Verbatim strings and string interpolation is not yet specified, that will come in a later issue. For now, I believe the default strings should allow for string interpolation, there should be no need for a separate annotation.

Issue for string interpolation is #53 .

WhiteBlackGoose commented 2 years ago

Regarding unicode escape sequences. Here's what C# (from that link has) image

So it uses \u for utf16, \U for utf32, \x for variable lengths, which has ambiguity problems. Let us see how we can do it universally.

Prefix

I suggest \u8, \u16, \u32 for UTF-8, UTF-16, UTF-32 respectively.

Option 1: stick the numbers right after, e. g.

\u1699...

is UTF-16 of code 99...

Option 2: separate it with something

\u16_99...

It makes it more readable, but longer.

Avoiding ambiguity for encoding

Should it be variable length, or exactly 2, 4, 8 digits for those encodings?

Option 1: fixed lengths

\u8HH
\u16HHHH
\u32HHHHHHHH

Option 2: terminating symbol

E. g. u:

\u8H*u
\u16H*u
\u32H*u

Examples

Let's go over combinations

Opt 1 & Opt 1

\u870 = p
\u16AAAA = ꪪ
\u32001F47D = 👽

Opt 1 & Opt 2

\u870u = p
\u16AAAAu = ꪪ
\u321F47Du = 👽

Opt 2 & Opt 1

\u8_70 = p
\u16_AAAA = ꪪ
\u32_001F47D = 👽

Opt 2 & Opt 2

\u8_70u = p
\u16_AAAAu = ꪪ
\u32_1F47Du = 👽
LPeter1997 commented 2 years ago

My question is, do we want different encoding escapes? Wouldn't a single Unicode codepoint escape suffice? C++ has 4-character and 8-character Unicode escapes, unrelated to any kind of encoding. With that, only a single escape, like \u{[Hh]+} could work:

\u{70} = p
\u{AAAA} = ꪪ
\u{1F47D} = 👽
svick commented 2 years ago

How do escape sequences handle characters that require multiple code units in a given encoding?

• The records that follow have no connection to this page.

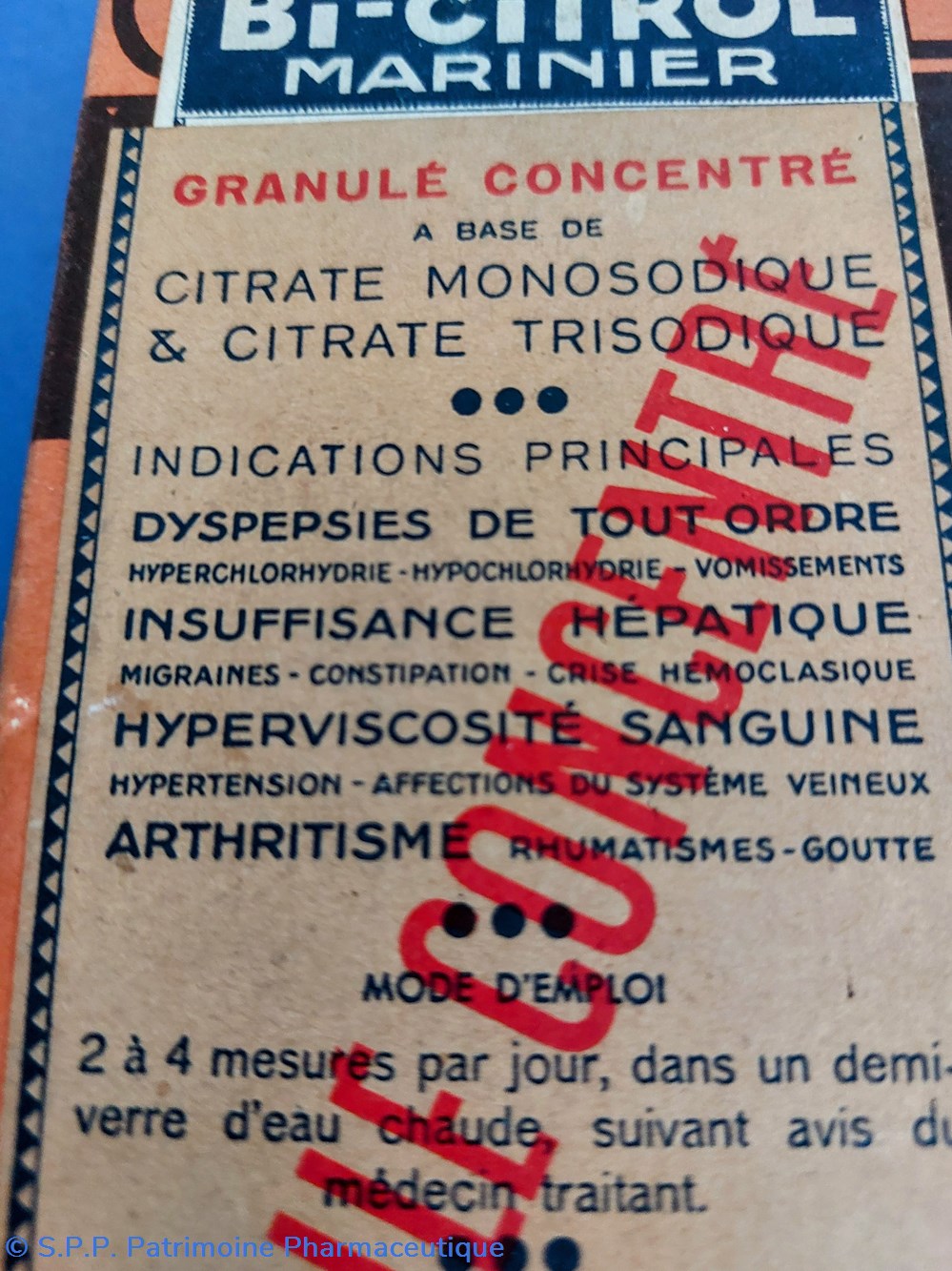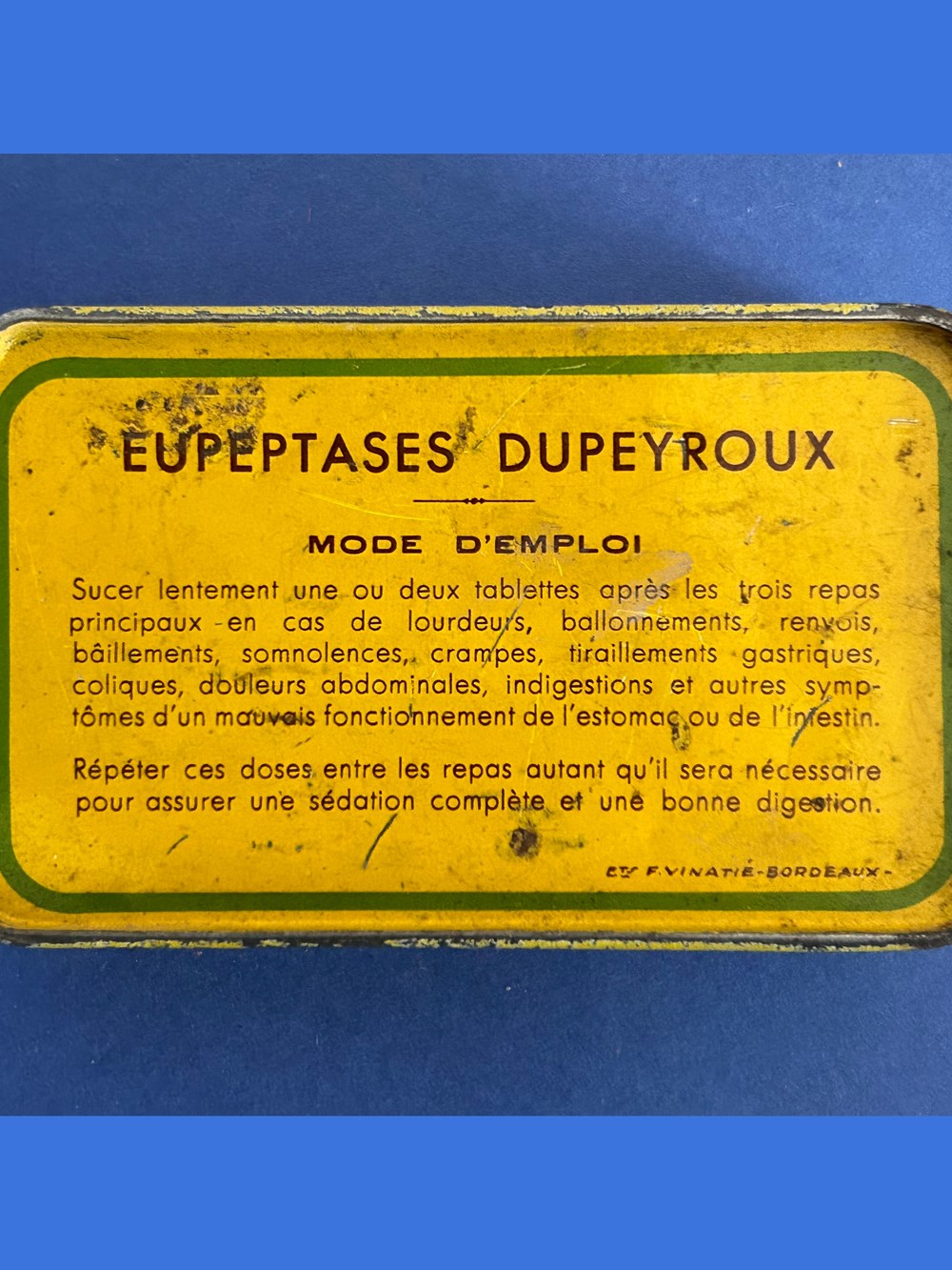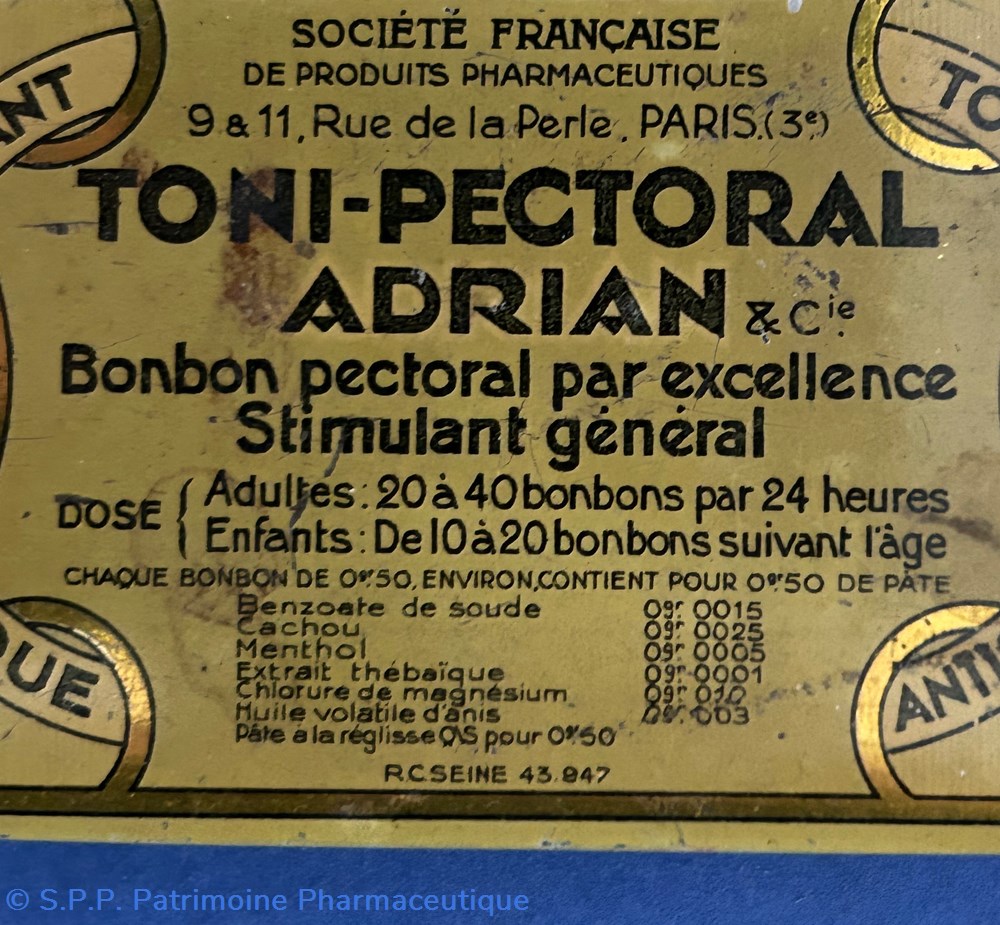 Petite boîte métallique de forme parallèlepipèdique. avec couvercle emboité. Sur le couvercle est imprimé le nom du médicament ainsi que les indications. Sue le verso est imprimé le mode d'emploi. Sur la tranche de face est imprimée la formule. Une petite étiquette est collée sur le côté pour indiquer le prix.
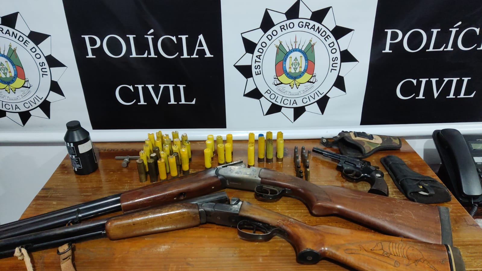Durante as diligências, os policiais civis localizaram e apreenderam três armas de fogo, sendo duas espingardas calibre 20 e um revólver calibre .38, além de diversas munições e apetrechos destinados à recarga de munições.
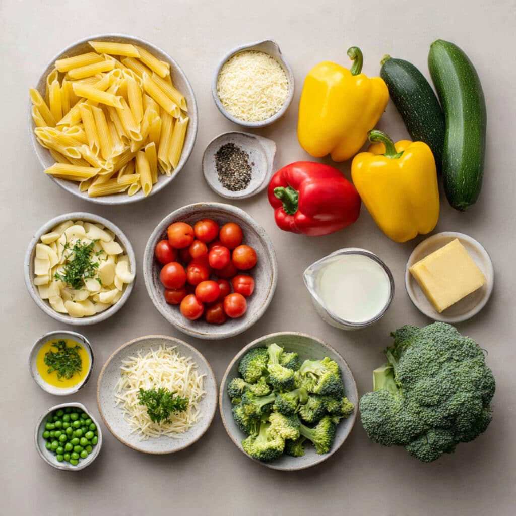 This dish comes together from simple ingredients that each bring something important to the table. The pasta gives it body, the vegetables bring freshness and color, and the cream sauce wraps everything together into one dreamy, satisfying bowl.
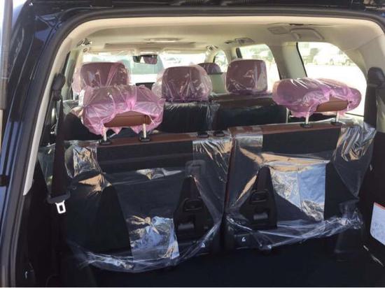 车内乘坐、载物空间均极为优良,新车型在屏幕颜色和界面 , 都向新的雷克萨斯LX (配置|询价)看齐。大量泛金属光泽饰条的采纳,大大加强了活动感和时尚感。车内7个座椅均为真皮打造,第一排座椅:电动、可调节;第二排座椅:带头枕、可折叠、中央扶手。
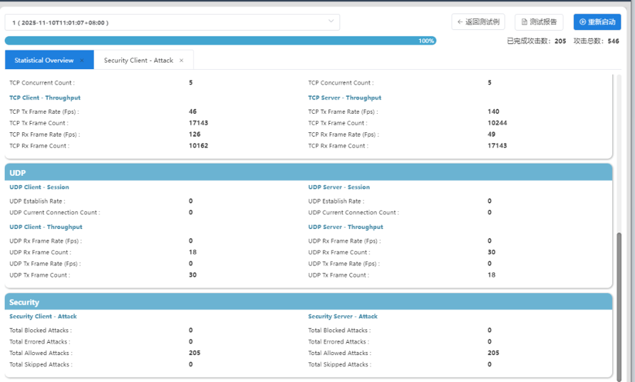 • 测试执行阶段,平台实时监控测试进度,统计详细的测试数据和防护日志。通过精密的流量控制机制,确保测试流量的准确性和可重复性。
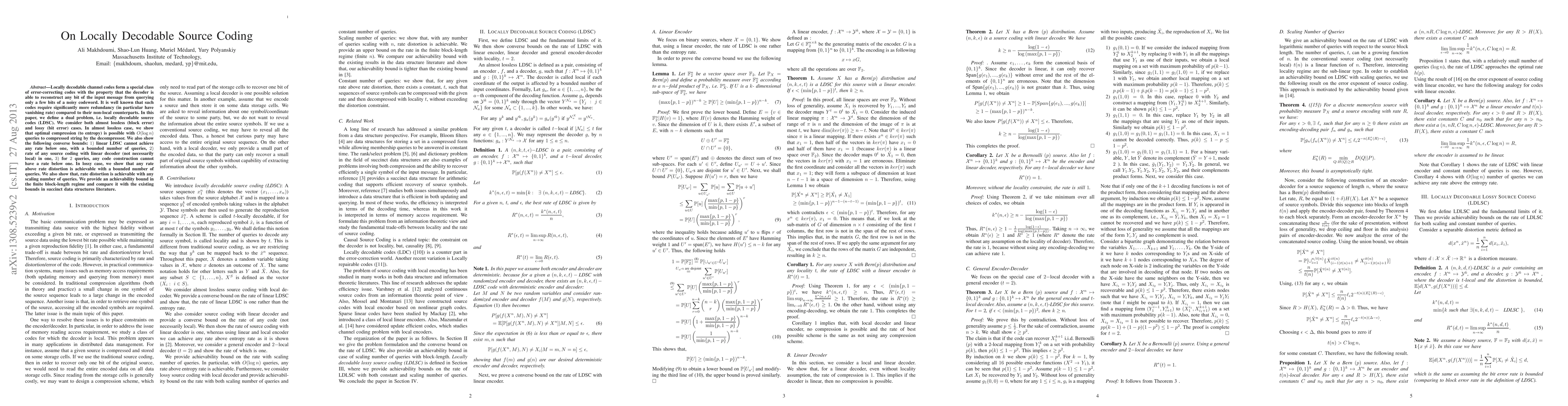Locally decodable channel codes form a special class of error-correcting codes with the property that the decoder is able to reconstruct any bit of the input message from querying only a few bits of a noisy codeword. It is well known that such codes require significantly more redundancy (in particular have vanishing rate) compared to their non-local counterparts. In this paper, we define a dual problem, i.e. locally decodable source codes (LDSC). We consider both almost lossless (block error) and lossy (bit error) cases. In almost lossless case, we show that optimal compression (to entropy) is possible with O(log n) queries to compressed string by the decompressor. We also show the following converse bounds: 1) linear LDSC cannot achieve any rate below one, with a bounded number of queries, 2) rate of any source coding with linear decoder (not necessarily local) in one, 3) for 2 queries, any code construction cannot have a rate below one. In lossy case, we show that any rate above rate distortion is achievable with a bounded number of queries. We also show that, rate distortion is achievable with any scaling number of queries. We provide an achievability bound in the finite block-length regime and compare it with the existing bounds in succinct data structures literature.
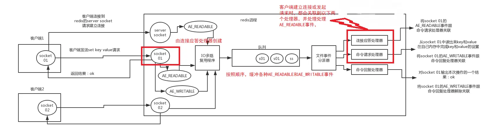 如果是客户端要写数据到redis,那么会为socket关联命令请求处理器。
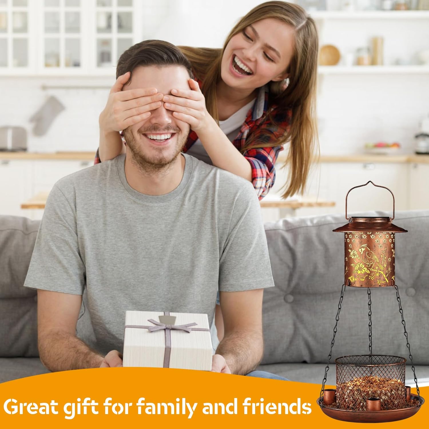 Cardinal Bird Feeder for Outdoor Gifts for Women Mom Grandma Hanging Metal Wild Birdfeeder Garden Solar Lantern Decor Lanterns Outside for Yard Patio Lawn Pathway Landscape
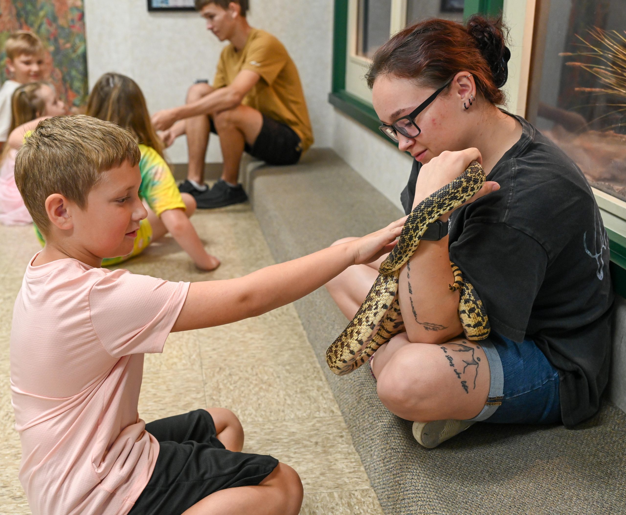 The Sternberg Museum of Natural History is hosting its Animal Encounters exhibition to show off its live animals and display how its staff cares for them. Families gathered in the discovery room on Friday to pet the museum’s snakes and watch them being fed.
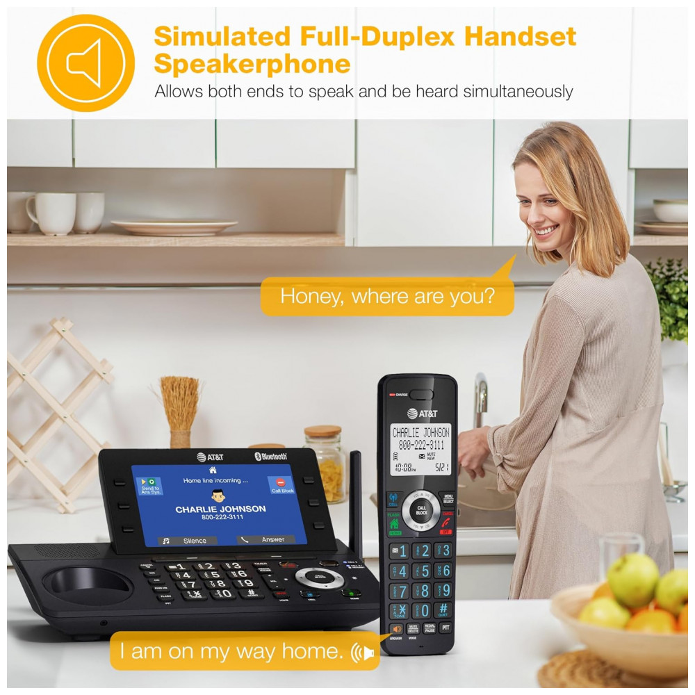 Possui bloqueador inteligente de chamadas que bloqueia robocalls automaticamente na primeira ocorrência, blacklist de um toque para até 1.000 números e compatibilidade Bluetooth Connect to Cell para emparelhar até 2 celulares ou 1 celular + 1 headset, permitindo chamadas móveis via handsets. A secretária digital digital armazena até 40 minutos de gravação, com viva-voz simulado full-duplex nos handsets e base para conversas simultâneas.
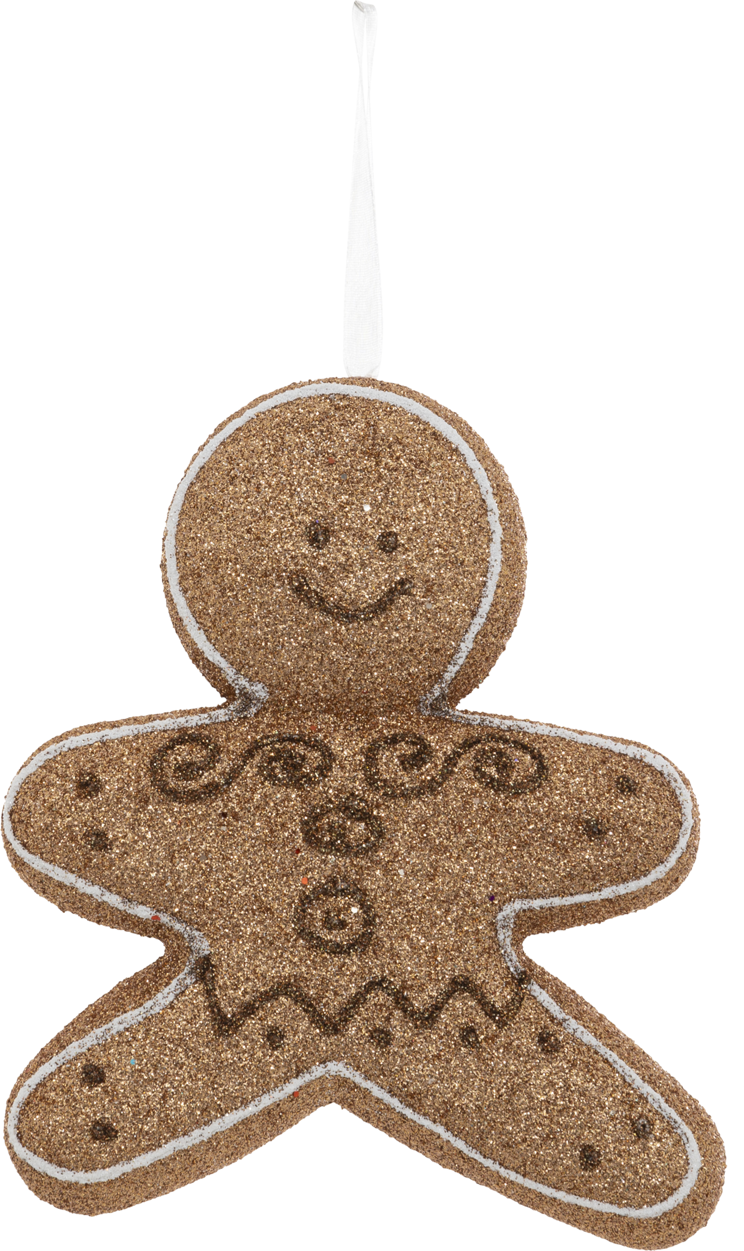 Фигурка выполнена с детализацией традиционного пряничного дизайна — с румяными щечками, украшениями из «глазури» и яркой одеждой. Изготовлена из прочного материала, имеет удобную петельку для подвешивания, что позволяет легко разместить украшение на елке или в праздничной композиции.

For example, consider U+20AC Euro Sign. Could I specify it as both "\u16_20AC" and "\u8_E2\u8_82\u8_AC"? And would the value of "\u8_E2\u8_82\u8_AC".Length be 1? (Assuming that the natural type of a string literal is the UTF-16 System.String.)

LPeter1997 commented 2 years ago

We have discussed that on the server (and we'll document the results of that hopefully soon). So far we have ended up on the \u{...} idea to not to mess with encoding, we only specify codepoints there. The encoding will depend on what the escape sequence is embedded inside. For string literals, it would depend on what encoding we will use for strings.